*TASK DETAILS*: Beginning at the line that contains "Kan selges samlet", repeat each line exactly through the last one of the records below, and leave out the pictures.

*RECORDS FOR THIS EXERCISE*:
------

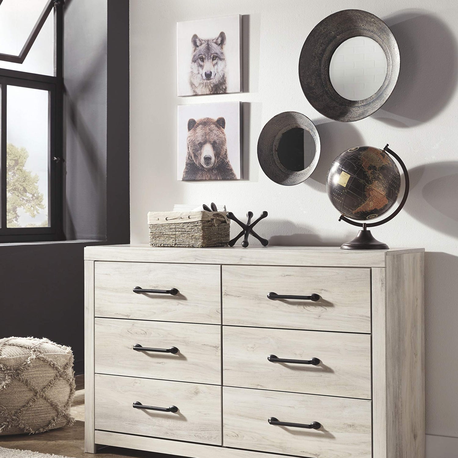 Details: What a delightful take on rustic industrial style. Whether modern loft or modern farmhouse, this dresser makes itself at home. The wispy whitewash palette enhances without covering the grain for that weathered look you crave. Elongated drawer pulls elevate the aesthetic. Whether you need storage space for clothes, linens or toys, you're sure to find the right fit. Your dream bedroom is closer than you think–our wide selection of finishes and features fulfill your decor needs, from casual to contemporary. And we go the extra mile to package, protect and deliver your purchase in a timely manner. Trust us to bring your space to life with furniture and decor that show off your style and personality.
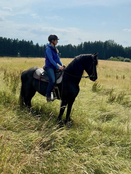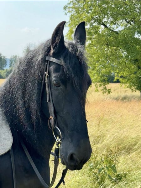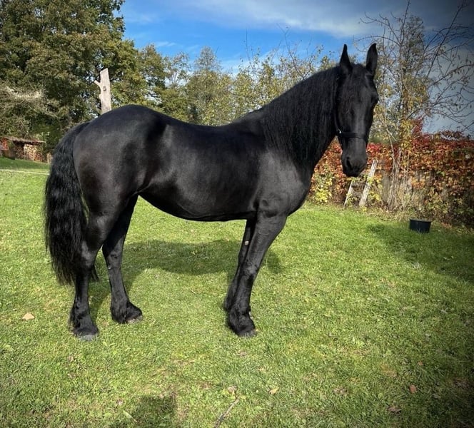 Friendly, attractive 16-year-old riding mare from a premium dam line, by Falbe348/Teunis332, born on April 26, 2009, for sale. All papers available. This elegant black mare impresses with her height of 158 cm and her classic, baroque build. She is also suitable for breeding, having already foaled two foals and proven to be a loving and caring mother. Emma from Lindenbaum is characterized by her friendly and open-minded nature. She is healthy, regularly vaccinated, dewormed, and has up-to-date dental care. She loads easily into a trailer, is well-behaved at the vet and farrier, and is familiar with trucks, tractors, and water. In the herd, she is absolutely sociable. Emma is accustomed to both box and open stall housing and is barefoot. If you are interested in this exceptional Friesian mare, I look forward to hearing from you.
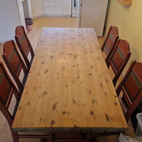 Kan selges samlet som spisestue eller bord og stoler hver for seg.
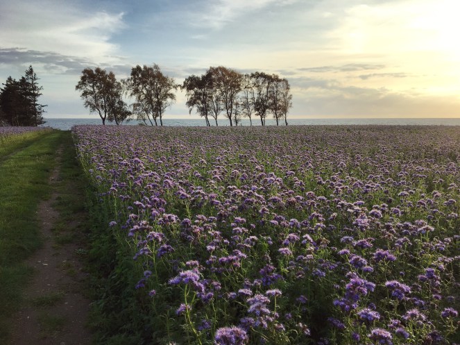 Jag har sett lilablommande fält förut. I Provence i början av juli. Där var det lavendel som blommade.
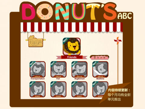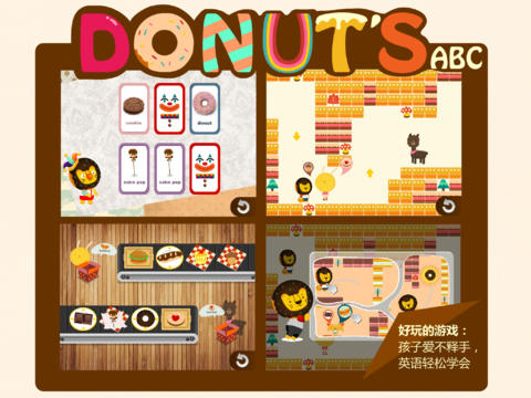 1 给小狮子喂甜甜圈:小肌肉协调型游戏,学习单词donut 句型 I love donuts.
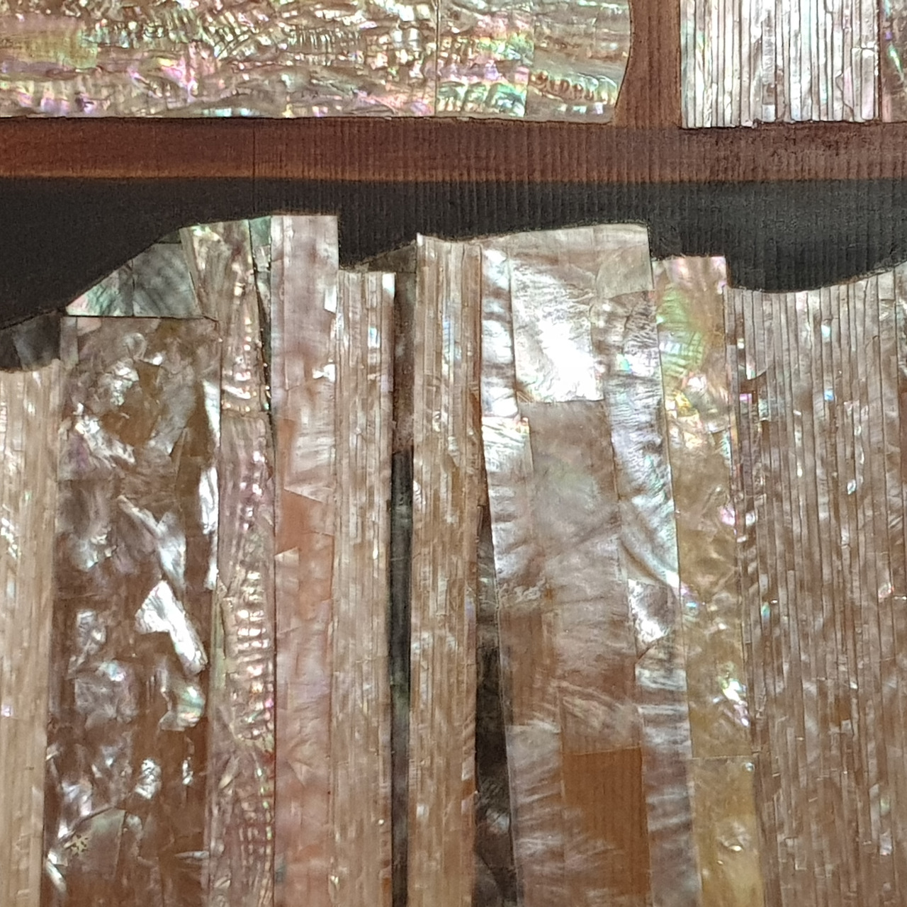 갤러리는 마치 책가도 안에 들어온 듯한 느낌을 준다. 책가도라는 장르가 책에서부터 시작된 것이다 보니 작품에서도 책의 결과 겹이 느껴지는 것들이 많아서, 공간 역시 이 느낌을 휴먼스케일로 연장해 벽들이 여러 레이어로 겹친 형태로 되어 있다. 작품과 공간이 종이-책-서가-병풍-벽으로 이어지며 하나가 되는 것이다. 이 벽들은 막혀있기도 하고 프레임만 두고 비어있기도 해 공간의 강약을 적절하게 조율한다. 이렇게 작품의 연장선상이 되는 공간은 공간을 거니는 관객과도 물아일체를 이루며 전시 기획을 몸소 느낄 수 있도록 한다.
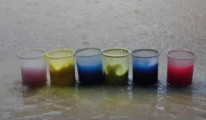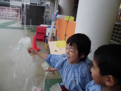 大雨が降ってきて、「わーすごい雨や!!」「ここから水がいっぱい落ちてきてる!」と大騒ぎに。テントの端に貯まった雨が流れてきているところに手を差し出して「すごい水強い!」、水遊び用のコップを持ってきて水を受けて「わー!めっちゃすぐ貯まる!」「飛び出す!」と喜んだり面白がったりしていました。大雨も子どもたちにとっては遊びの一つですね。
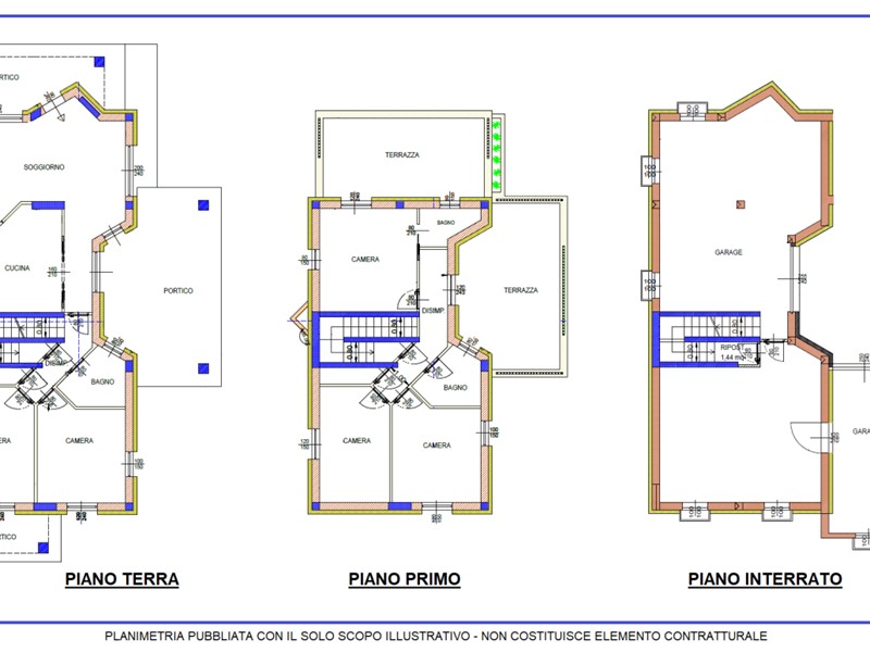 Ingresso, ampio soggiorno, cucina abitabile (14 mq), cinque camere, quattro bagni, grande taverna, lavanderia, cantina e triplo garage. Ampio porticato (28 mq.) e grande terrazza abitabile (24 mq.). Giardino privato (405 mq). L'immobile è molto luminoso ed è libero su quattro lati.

------

*REPLY TO THE TASK*:
 Kan selges samlet som spisestue eller bord og stoler hver for seg.
 Jag har sett lilablommande fält förut. I Provence i början av juli. Där var det lavendel som blommade.
 1 给小狮子喂甜甜圈:小肌肉协调型游戏,学习单词donut 句型 I love donuts.
 갤러리는 마치 책가도 안에 들어온 듯한 느낌을 준다. 책가도라는 장르가 책에서부터 시작된 것이다 보니 작품에서도 책의 결과 겹이 느껴지는 것들이 많아서, 공간 역시 이 느낌을 휴먼스케일로 연장해 벽들이 여러 레이어로 겹친 형태로 되어 있다. 작품과 공간이 종이-책-서가-병풍-벽으로 이어지며 하나가 되는 것이다. 이 벽들은 막혀있기도 하고 프레임만 두고 비어있기도 해 공간의 강약을 적절하게 조율한다. 이렇게 작품의 연장선상이 되는 공간은 공간을 거니는 관객과도 물아일체를 이루며 전시 기획을 몸소 느낄 수 있도록 한다.
 大雨が降ってきて、「わーすごい雨や!!」「ここから水がいっぱい落ちてきてる!」と大騒ぎに。テントの端に貯まった雨が流れてきているところに手を差し出して「すごい水強い!」、水遊び用のコップを持ってきて水を受けて「わー!めっちゃすぐ貯まる!」「飛び出す!」と喜んだり面白がったりしていました。大雨も子どもたちにとっては遊びの一つですね。
 Ingresso, ampio soggiorno, cucina abitabile (14 mq), cinque camere, quattro bagni, grande taverna, lavanderia, cantina e triplo garage. Ampio porticato (28 mq.) e grande terrazza abitabile (24 mq.). Giardino privato (405 mq). L'immobile è molto luminoso ed è libero su quattro lati.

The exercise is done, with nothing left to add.